That is sound advice. :yes:


----------



## Plumber (Jan 18, 2009)

These threads for me are scary because they never ask if the location is good.

I like my analogy of putting your roach coach in the parking lot of a restaurant. Sure, you may get some business, but not enough to survive on, while you ruin the restaurant by stealing what little business they have.

During these times when a lot of established businesses are just getting by, why would a total noob try to compete with them?


----------



## Richard Hilliard (Apr 10, 2010)

Plumber said:


> These threads for me are scary because they never ask if the location is good.
> 
> I like my analogy of putting your roach coach in the parking lot of a restaurant. Sure, you may get some business, but not enough to survive on, while you ruin the restaurant by stealing what little business they have.
> 
> During these times when a lot of established businesses are just getting by, why would a total noob try to compete with them?


 
Why did all those companies fail? Not enough work? What did they do with the opportunity they had? What happened to the older company’s customer base? Why did they leave? Surely there are companies that are thriving. 2 of the top reasons why companies fail: no working cash and poor business decisions. Location has nothing to do with either of those reasons.

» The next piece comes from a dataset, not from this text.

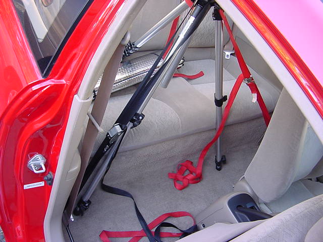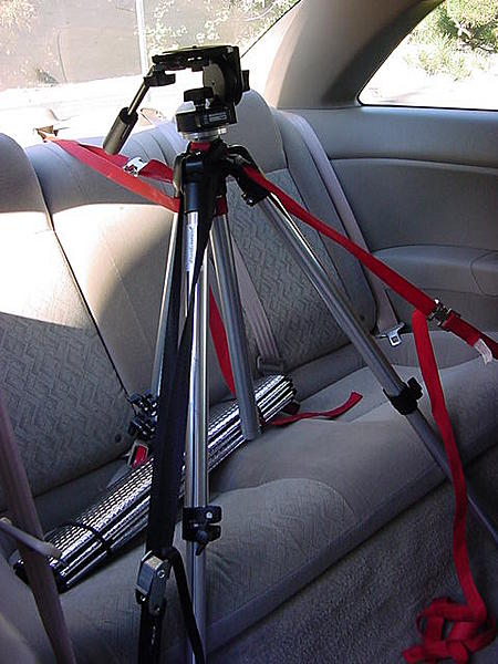 So, I have a coupe and we have some funky lower seat belt stays. I've attached a picture of a time when I had it halfway taken off to remove a panel (note- you do not need to unbolt these!!). I took some tie downs that you'd find in most automotive stores to tie stuff down to your roof racks or truck bed, the kind with the clamp. I strung two around the bottom seat belt stays and over the tripod head. These are like giant belts that pull the tripod to the left, and to the right. Then my only issue was it rocking forward and backward. So, you know those red child seat hooks on the rear deck? Yeah, time to use those puppies. I laced another tie down through one of those and around the tripod head to pull it back. I made some more adjustments to where the camera position would be-- so it would catch all the action, and not a whole lot of my roof, or a whole lot of my dash and floor. If I remember correctly, I slid my seat somewhat forward and then reclined it to get the seat out of the way, and also to hold it in there just a tad more---not like it needed it- because when I was standing outside and shook the tripod- the entire car shook- there was absolutely NO play. So it was in there and ready to go, although it was night time, damn.

Back in October I went back to Ohio; keep in mind I was back in Ohio in 2011. My father was in plumbing and I had a company there for 15 years. I have many contacts. Half of my old contacts have closed shop. Half of them closed due to no longer having the energy to reorganize.2 of these companies had well over 50 trucks running prior to 2008. When companies close the employees must do something. Many started their own business and they will fail also.

Why? They lose work to too many unqualified and unlicensed personnel. They lose water heaters for 50 bucks to handymen and unemployed people. They cannot influence the home owner to use them for 50 bucks more. That is insane. I was talking to 1 plumber and a customer walked into his shop he said this guy just bought 2 ADA elongated toilets from him. I asked him why this customer bought elongated Ada toilets from him. His reply, the customer wanted them. I asked if I could talk with this customer for a minute and find out why he bought them. Pete was pleasantly surprised why the customer purchased the toilets. Want had very little to do with the toilet purchase. Simple concept yet bypassed by many and this is why homeowners move to the unlicensed and unqualified. Why should someone pay more for no difference?


----------



## DesertOkie (Jul 15, 2011)

I agree with RH you learned plumbing on their dime. Now learn to run a business, not just customer service. 

Think about every job you are on from the owners point of view. Where did he make money/lose money on the job. How could it have been done better. What are the ramifications of the "making it better", if he is not doing it there are some. 

Are you changing you work from new to service? I would imagine it would be hard to start in new or mech when the plumbing owner carries the note on materials. When you are small one non payment equals bankruptcy. If you are changing your line of work learn that before jumping. You will be slow at it when you start.

Look at Richard H's profile and go to his blog. Read, read, read, he has been in the trenches making customers loyal for a long, long time(sorry RH). Take all the advice from him you can, it's free. 

Read on the subject of business and customer retention. There are a few threads about good business reads. Maybe Mr Biz will bump them for ya. Accounting classes & business classes if you don't already have them. When I talked to my accountant about trying the same thing as you are, he was damn happy I had lots of these and knew what I didn't know and what a P&L was. 

Index to the business section of PZ and read them all! Free info you can get while drinking beer at home is priceless. Look for what to charge and why and how. There are many different ways to run a company and most have been looked at here. 

Just my .02 from someone looking into the same thing.


----------



## Richard Hilliard (Apr 10, 2010)

Desert is spot on. The stuff I talk about will increase your revenue. Increasing revenue is good however if the way a business operates is in question increasing revenue only gives you more money to spend. As an example revenue gained at 100 dollars and you spend 110 increasing revenue to 200 will increase your spending habits to 220.That is why it drives me nuts to hear construction consultant gurus state blindly to raise rates when they are told by owners” I am not making enough money or profit”. 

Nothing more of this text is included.